Really interesting video Gary thanks.
This will probably sound stupid but I also want to say thank you for pronouncing Nvidia as en vidia, instead of how I've heard literally everybody else, (aside from me) say it, which is nur vidia! They may be right and we may be wrong but I much prefer your pronunciation. 😁
Great review video
Great to see good compered chips video
Thanks for sharing your expirence with all of us 👍 😀
It's great to see performance comparison normalised to performance/hz - but it's still pretty much abstract and academic.
In reality the only real world measure is performance/dollar (or euro/pound)
It would be great if you could include this.
But what about efficiency/dollar? The huge range of devices reflects the applications.
I think a couple of ARM cortex M3's can beat ESP32, easily. 😋 I have a couple of Cortex M3 microcontrollers that run at 256MHz (default is 216MHz) called AIR32F103.
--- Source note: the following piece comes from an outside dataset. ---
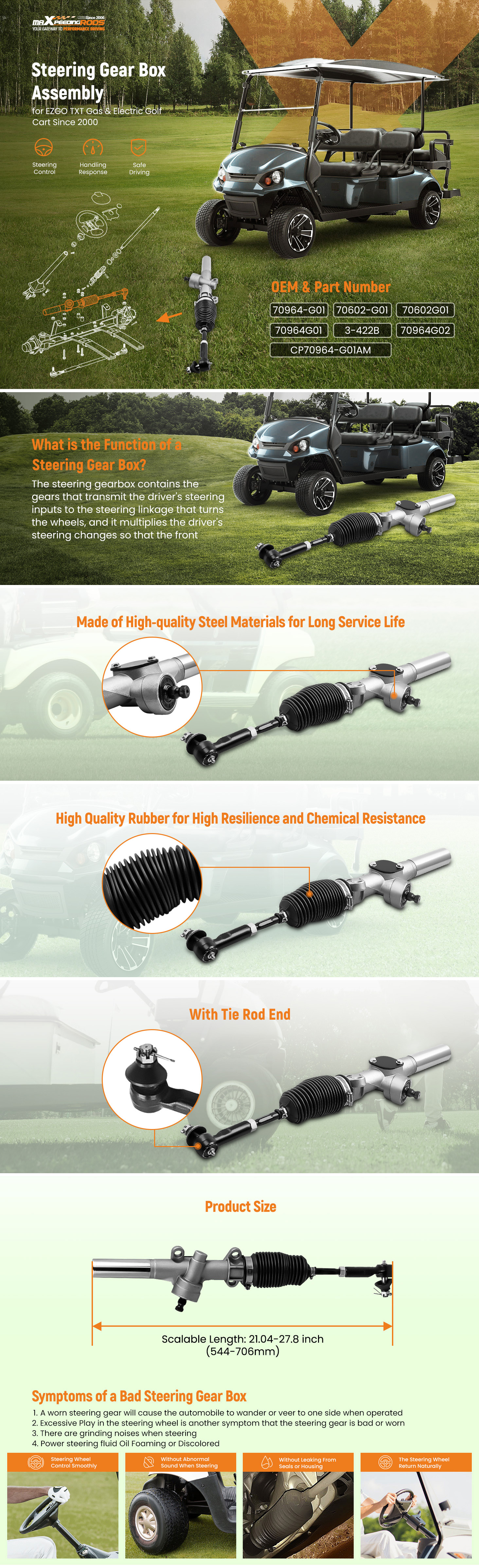 1. For EZGO steering box assembly (rack and pinion).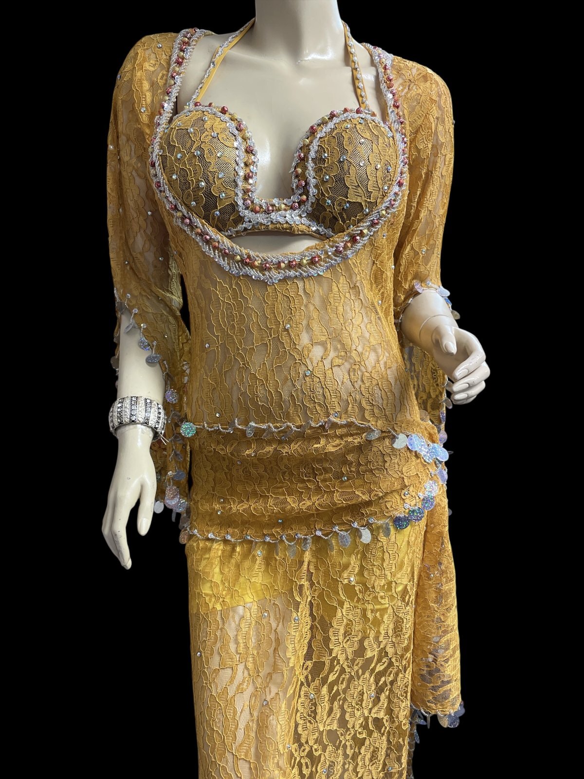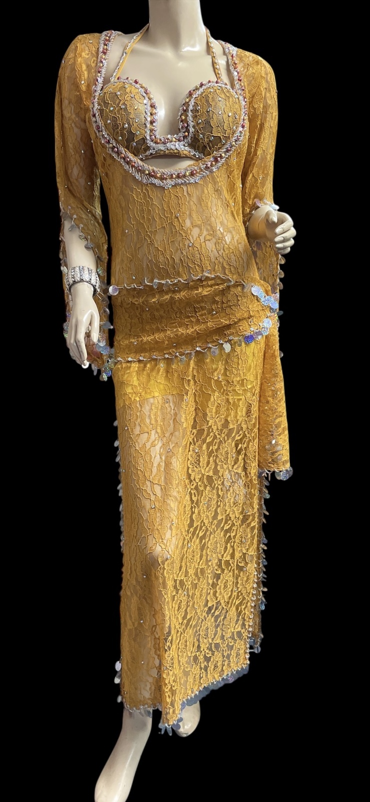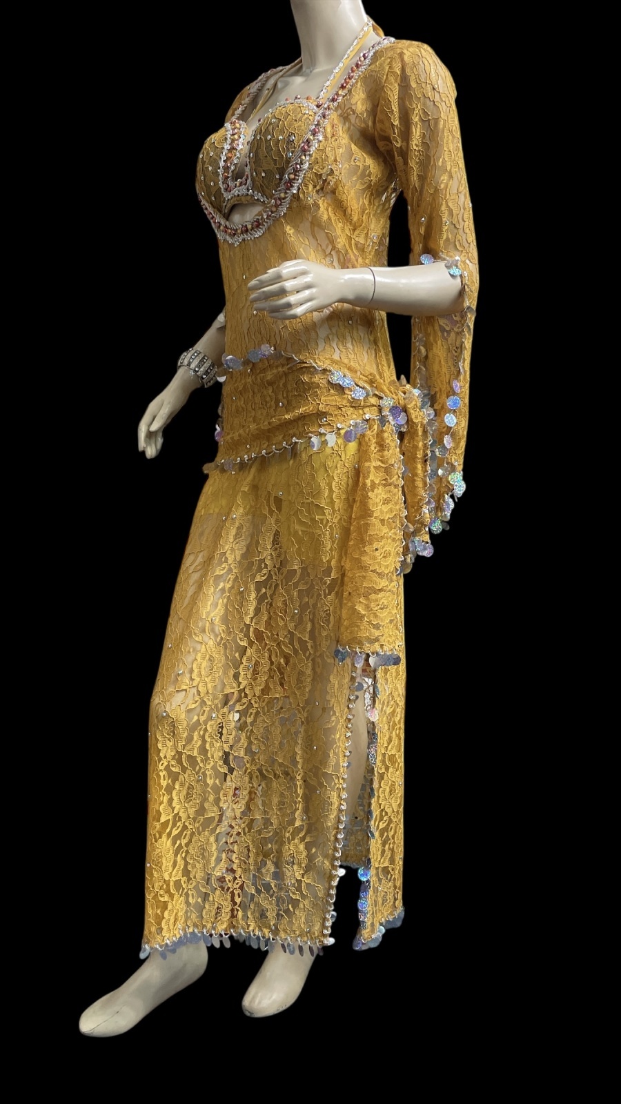 エジプト製ロマンティックレースサイーディ/ バラディドレス☆Mustard ☆

The AIR32F103 has a performance rating of 2.54 DMIPS/MHz (coremark), which is significantly higher than the STM32, which has only 1.25 DMIPS/MHz. The AIR32F103 has a much lower wait stage to read code from Flash, allowing it to execute code twice as fast as the STM32, and it can do so at a much higher clock speed.
And they are more power efficient, they are produced on a smaller production process(45nm, not 100% sure) by TSMC
27.73 mA @ 72Mhz ( all peripherals enabled )
38.50
mA @ 216Mhz ( all peripherals enabled )
esp32 boards uses linear regulator that waste like 40% of the power , pico board uses a dc-dc buck-boost regulator . Just run the esp32 with 3.3v by the 3.3v pin and retest .
Great video and lots of details. Just curious to understand if the ESP32 was running with dual core or single core for all the measurements.
If it was dual core, it would be great to know how these numbers change if 1 core could be powered off. Will the performance degrade or was the code single threaded and only the power will decrease..
First generation of ESP32 is ancient now. ESP32-S3 would've moped the floor with ARM, if it was included. Talking about performance, ESP has wifi and Bluetooth by default.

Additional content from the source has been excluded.